A number sign (#) is used with this entry because autosomal recessive osteogenesis imperfecta type XIII (OI13) can be caused by homozygous or compound heterozygous mutation in the BMP1 gene (112264) on chromosome 8p21.


Description

Osteogenesis imperfecta (OI) is a connective tissue disorder characterized by bone fragility and low bone mass. Due to considerable phenotypic variability, Sillence et al. (1979) developed a classification of OI subtypes based on clinical features and disease severity: OI type I, with blue sclerae (166200); perinatal lethal OI type II, also known as congenital OI (166210); OI type III, a progressively deforming form with normal sclerae (259420); and OI type IV, with normal sclerae (166220). Most cases of OI are autosomal dominant with mutations in 1 of the 2 genes that code for type I collagen alpha chains, COL1A1 (120150) and COL1A2 (120160). Martinez-Glez et al. (2012) described osteogenesis imperfecta type XIII, an autosomal recessive form of the disorder characterized by normal teeth, faint blue sclerae, severe growth deficiency, borderline osteoporosis, and an average of 10 to 15 fractures a year affecting both upper and lower limbs and with severe bone deformity.


Clinical Features

Munns et al. (2004) reported 3 children from unrelated nonconsanguineous French Canadian families who had recurrent fractures, primarily of the lower limbs (94%), that started with weight bearing. All fractures, which were documented radiologically, resulted from minimal or no trauma; fracture repair was normal. Other than a fracture of the twelfth thoracic vertebra in 1 patient, there were no vertebral compression fractures or indicators of scoliosis on spine x-rays. Height was normal in 2 of the patients and slightly below the reference range in 1. All had normal dentition, white sclerae, and normal joint laxity. Radiography showed increased metaphyseal trabeculation with normal to increased cortical thickness. Areal and volumetric bone mineral density did not show any major alteration. Peripheral quantitative CT of the radius in 1 patient showed elevated cortical thickness and elevated total and trabecular volumetric bone mineral density. Qualitative histology of iliac bone biopsy specimens showed a paucity of the birefringent pattern of normal lamellar bone. Quantitative histomorphometric analysis demonstrated osteomalacia with a prolonged mineralization lag time in the presence of a decreased mineral apposition rate. There was no biochemical evidence of abnormal calcium or phosphate metabolism, and heteroduplex screening for type I collagen variants was negative. Munns et al. (2004) concluded that this phenotype represents a novel bone fragility disorder of moderate severity that tends to cause fracture in the lower extremities and is associated with the accumulation of osteoid due to an intrinsic mineralization defect.
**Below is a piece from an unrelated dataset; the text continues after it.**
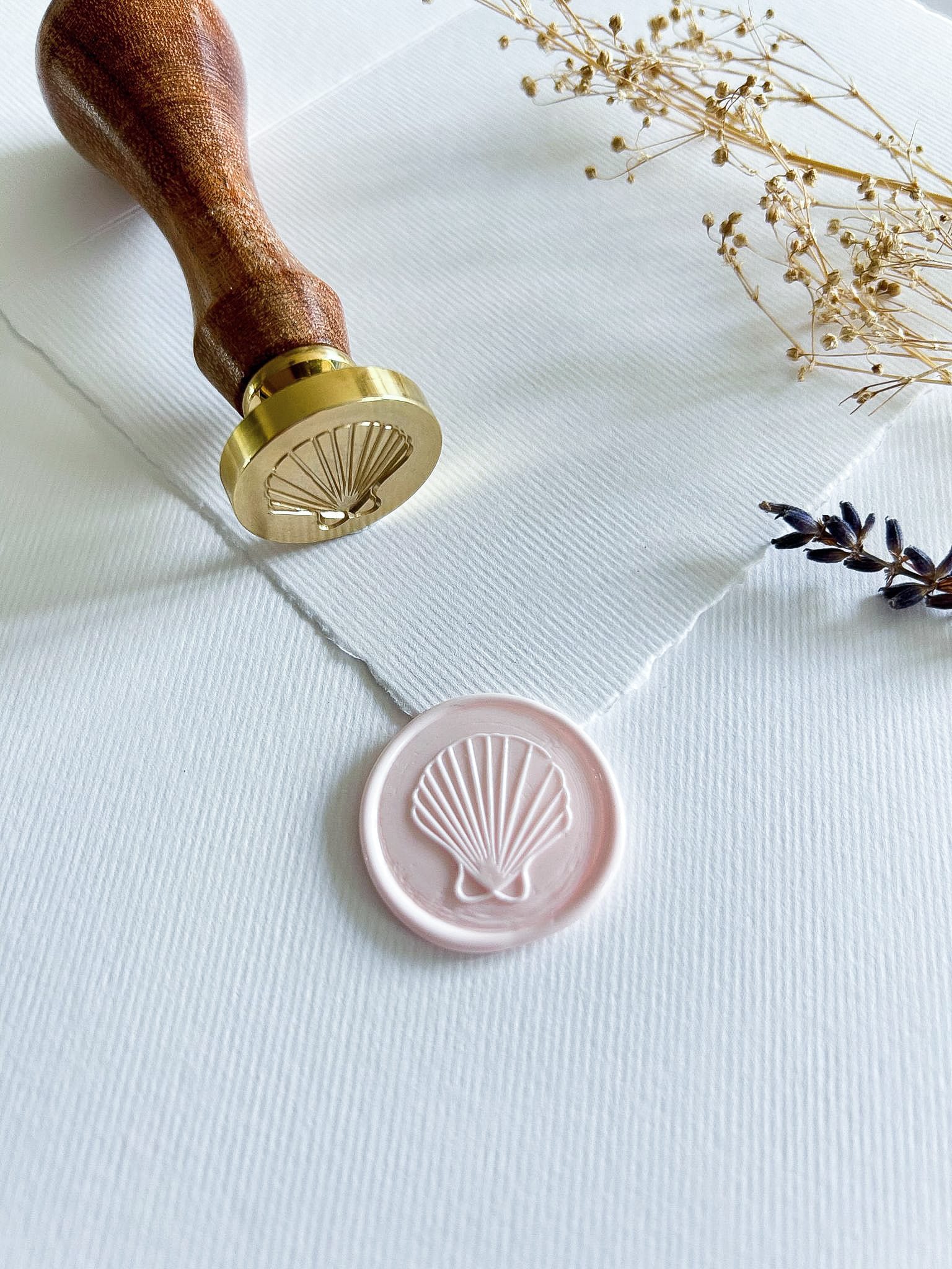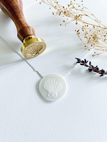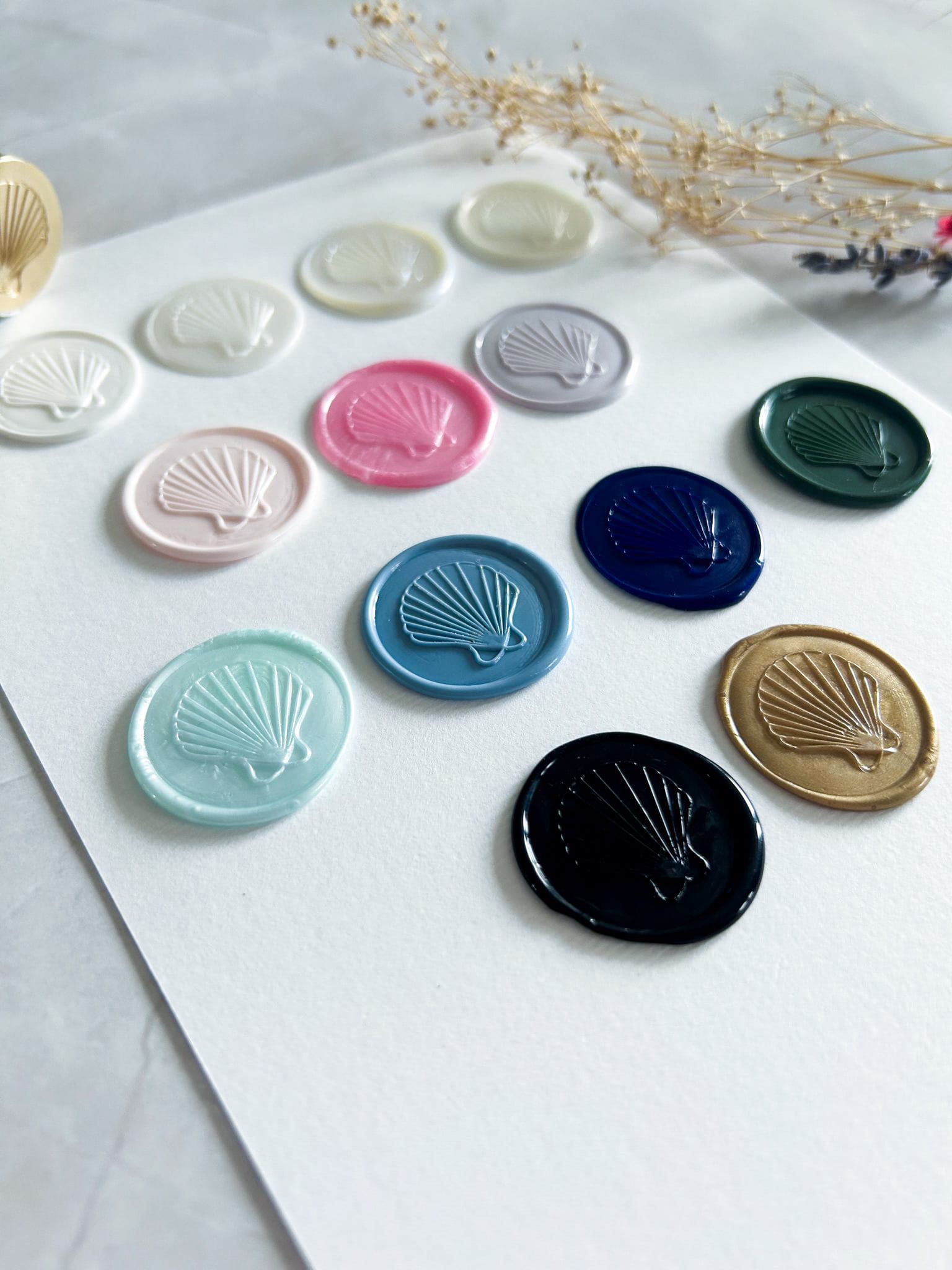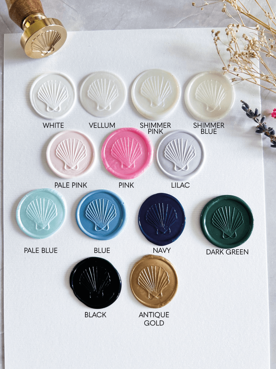 Our shell wax seals come with a self adhesive sticker on the back. Great for use on place names, envelopes, invitations, wrapping paper and more. Available in 13 different colours including pale pink, pale blue, and white which match our shell place names perfectly. And now we have an on trend lilac colour too!

Martinez-Glez et al. (2012) described a sister and brother, offspring of first-cousin Egyptian parents, with autosomal recessive OI. The 15-year-old female proband had a triangular face, broad forehead, wide palpebral fissures, long eyelashes, faint blue sclerae, long philtrum, thin lips, and prominent ears. Gross motor development was delayed and she was not able to stand unsupported. No dentinogenesis imperfecta was present. Her thorax was relatively large with increased anteroposterior and transverse diameters compressing the abdomen. She had a large umbilical hernia with abdominal content, generalized hypotonia, muscle wasting, and nocturnal enuresis. Skeletal examination showed severe generalized deformities of all bones with consistent pain on touch, including deformed clavicles; bilateral bowed angulated humerus, radius, and ulna; arachnodactyly; and hyperextensibility of elbow, wrist, and interphalangeal joints. Lower limbs showed bowing of femora, severely angulated deformed leg bones and limited movements of the knee joints. She also had kyphoscoliosis and pectus carinatum. Radiologic examination revealed deformed long bones with multiple fractures and callus formation, lack of bone modeling with wide distal metaphyses of femora, serpentine thin tibiae and fibulae in addition to S-curve scoliosis of thoracic and lumbar spine with platyspondyly, and generalized decreased bone density. Skull X-ray showed wormian bones. Anthropometric measurements at 13 years of age were below normal for weight (-3.8 SD), length (-11.5 SD) and head circumference (-3.0 SD). Bone densitometry (DEXA) at 15 years revealed borderline osteoporosis at the hip and spine (Z-score -2.22 and -2.13, respectively). Her 5-year-old brother had a similar phenotype. Audiologic and cardiovascular examinations of both patients were unremarkable. Serum calcium and phosphate were normal, whereas alkaline phosphatase levels were slightly high. Both patients were diagnosed as having Sillence type III, and cyclic IV bisphosphonate injections were started.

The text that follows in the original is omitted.